Mother Hens

In preparation for my upcoming participation in the 4Deserts/Racing the Planet Patagonia event, I am struck by how things in stage racing are changing.  Specifically there appears to be a departure from the individual responsibility of each participant to be prepared for what may come and perhaps a reliance on the race dictating what you must bring.  Since this is my first 4Deserts event, maybe it is just how these races are operated.

We all sign the piece of paper that states we can be maimed or die.

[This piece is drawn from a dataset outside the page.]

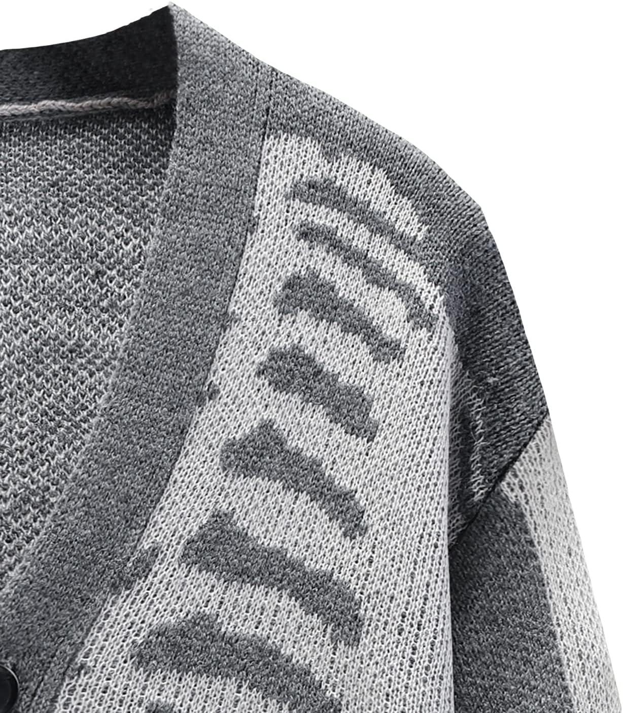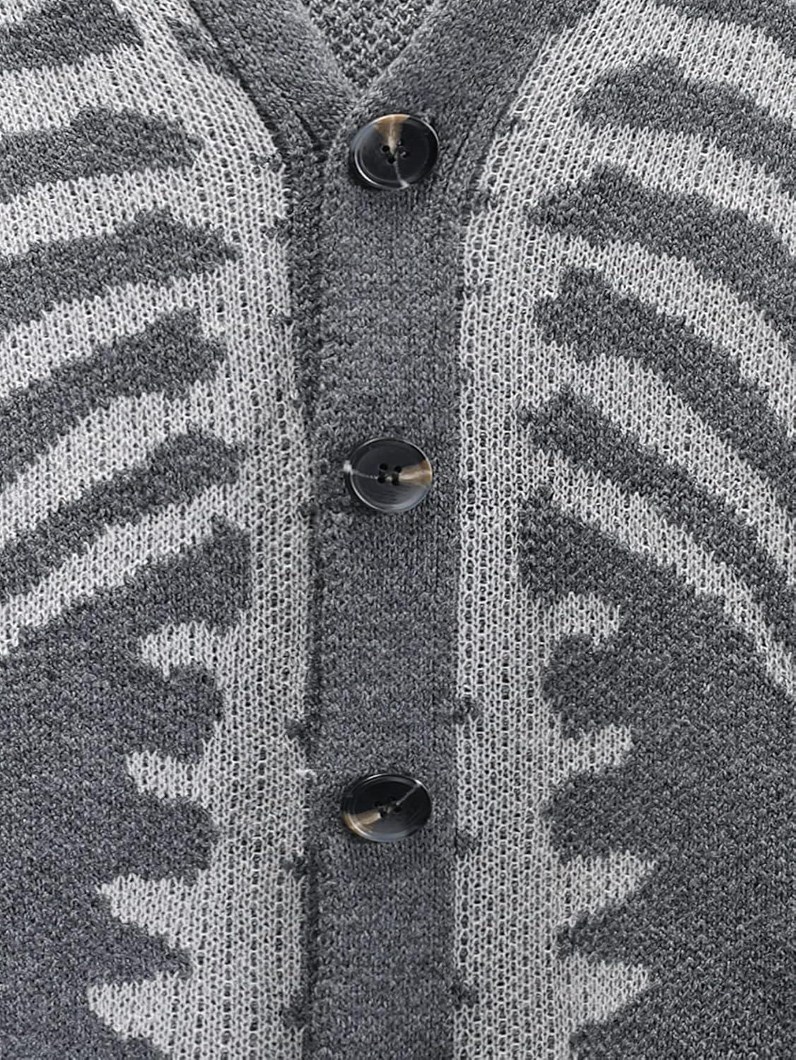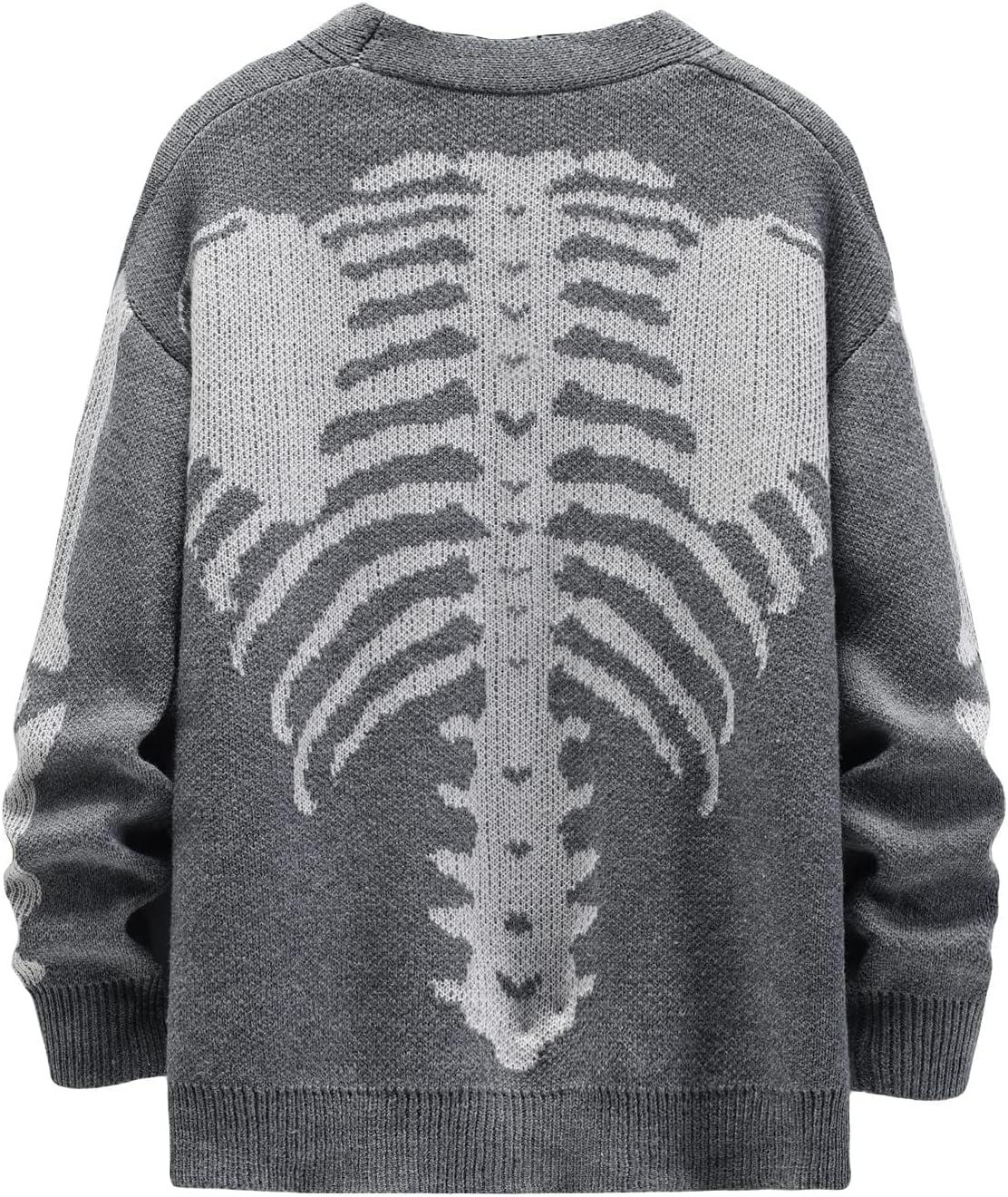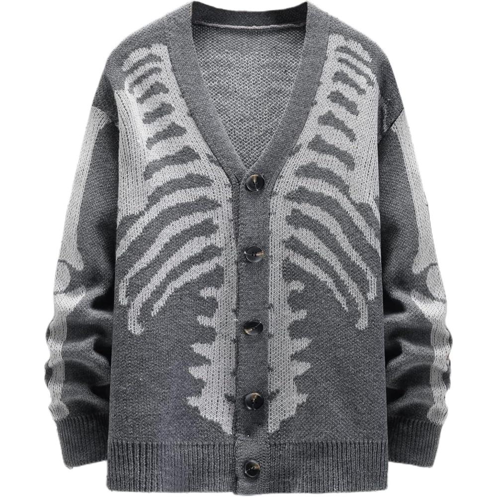 Arssm Men Skeleton Cardigan Sweater Oversized Fall Graphic Long Sleeve Knit Y2K Button Down V Neck Sweater Outwear(Grey)

We also are investing large sums of time and fortune into these events so it would be prudent to be ready for what may come.  My approach has always been not to live on the edge but to be a little back from it.  Gear selection is serious and I have advocated for functional gear one can bet your life on so to speak.  Not the lightest, not the trendiest, but that which is robust.  Knowing your area of operation is also critical and the conditions you may encounter there.

Over the last couple of months the mandatory gear list has been morphing.  Items in the required drop bag have been migrating to the race pack.  There appears to be a fear that all will be lost if we are not doubled up on everything.  Two headlamps, two toques, two pairs of gloves, two ounces of sun screen, two ounces of hand sanitizer, rain coat, rain pants, warm top, long sleeve top, tights, hat with neck cape, 35 L dry bag, etc.  I am surprised there is not a requirement for clean underwear each day (just kidding, but not really).

Is the sport beginning to cater to the uninitiated who cannot/will not invest in research or may otherwise not be prepared for the rigors of such an event?  Is this a marketing ploy to force buying new gear?  Are we setting a handicap where everyone has to have the same weight of pack?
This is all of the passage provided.